* _Work order_
Starting at the first line and ending at the one with "トレカをアクリル製の透明ブロックに挟んでいます。両面から見て楽しめます。", give the lines of the listing again exactly, and nothing else; skip the pictures.

* _Given material_
☆ ☆ ☆ ☆ ☆

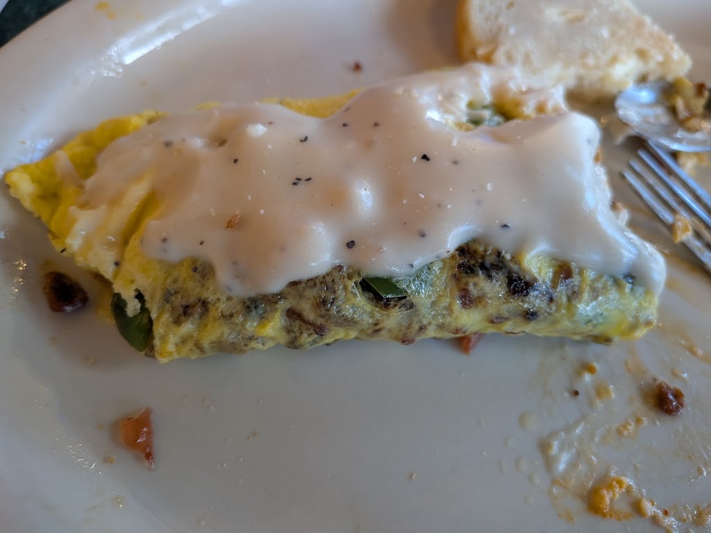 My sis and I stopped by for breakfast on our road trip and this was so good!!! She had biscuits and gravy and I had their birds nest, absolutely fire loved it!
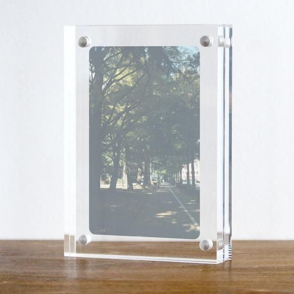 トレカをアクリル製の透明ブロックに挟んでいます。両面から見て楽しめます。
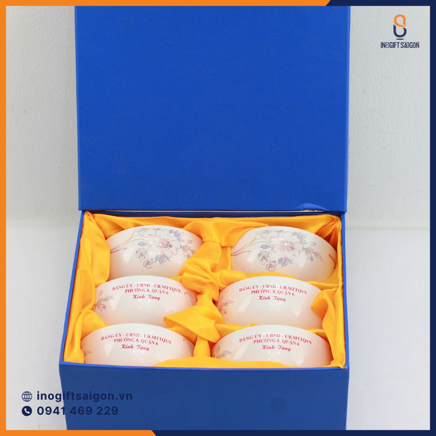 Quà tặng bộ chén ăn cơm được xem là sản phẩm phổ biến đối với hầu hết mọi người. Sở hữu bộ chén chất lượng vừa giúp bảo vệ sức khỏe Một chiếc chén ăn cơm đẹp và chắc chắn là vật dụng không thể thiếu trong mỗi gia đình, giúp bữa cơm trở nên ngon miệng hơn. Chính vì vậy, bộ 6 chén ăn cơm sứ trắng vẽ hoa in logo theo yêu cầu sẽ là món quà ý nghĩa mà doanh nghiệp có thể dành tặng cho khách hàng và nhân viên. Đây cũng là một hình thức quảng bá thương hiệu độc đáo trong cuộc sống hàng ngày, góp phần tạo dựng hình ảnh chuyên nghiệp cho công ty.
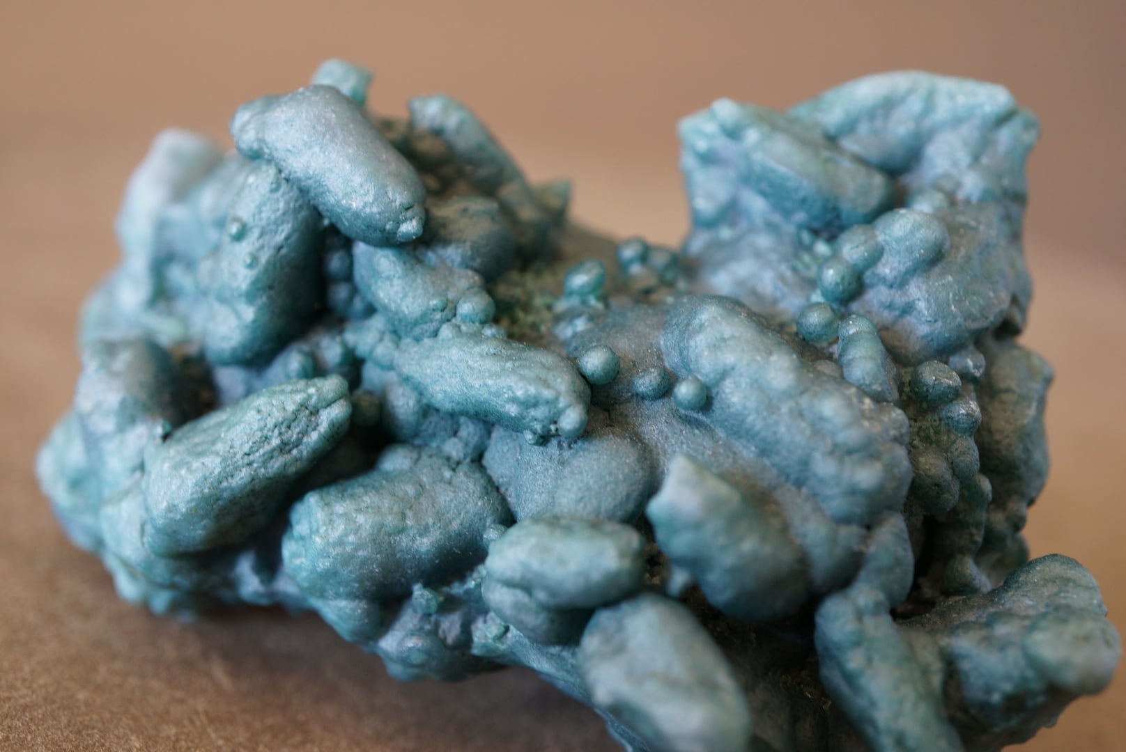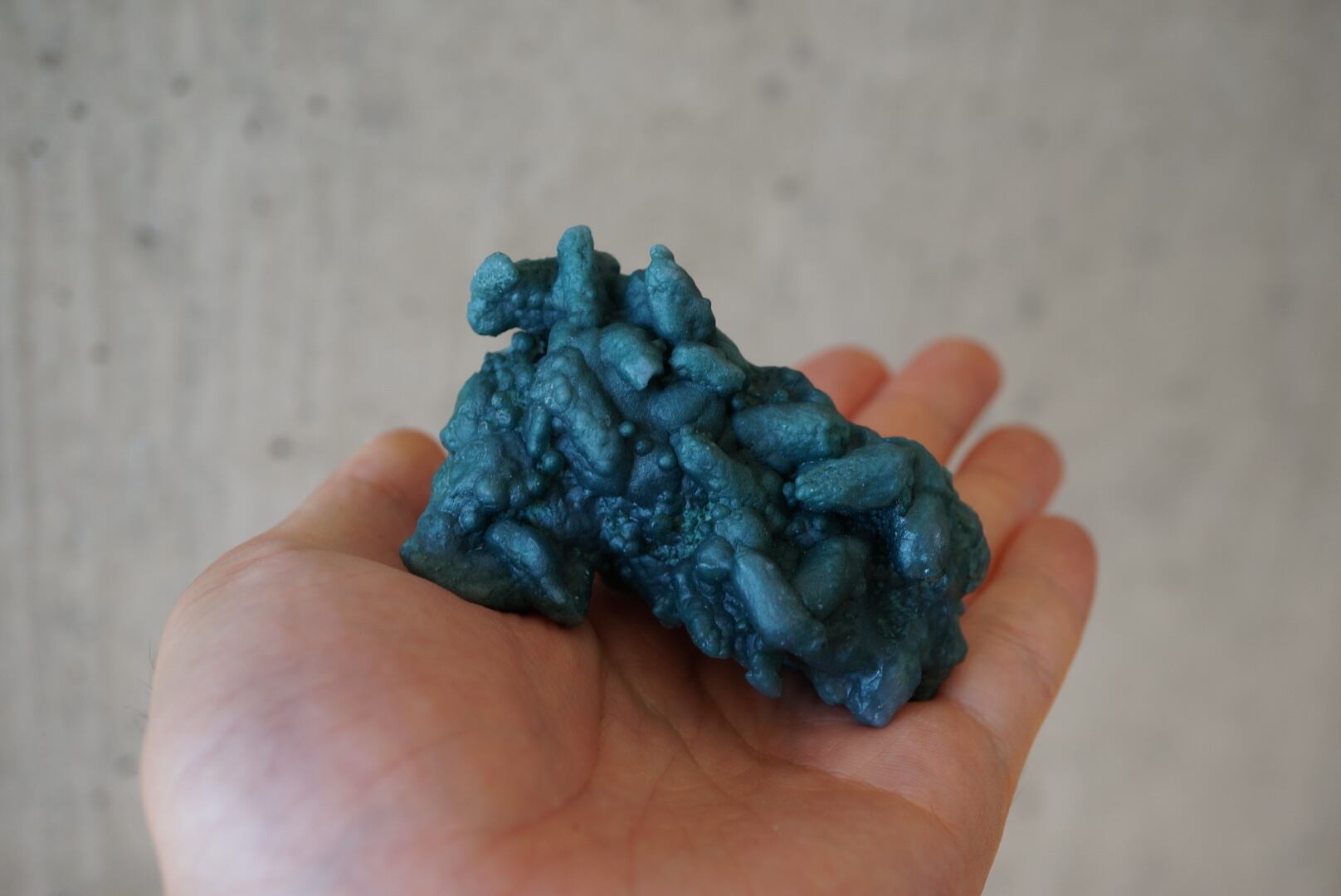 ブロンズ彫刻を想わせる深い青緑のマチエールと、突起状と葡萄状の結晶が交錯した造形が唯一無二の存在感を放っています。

☆ ☆ ☆ ☆ ☆

* _Exercise answer_
 My sis and I stopped by for breakfast on our road trip and this was so good!!! She had biscuits and gravy and I had their birds nest, absolutely fire loved it!
 トレカをアクリル製の透明ブロックに挟んでいます。両面から見て楽しめます。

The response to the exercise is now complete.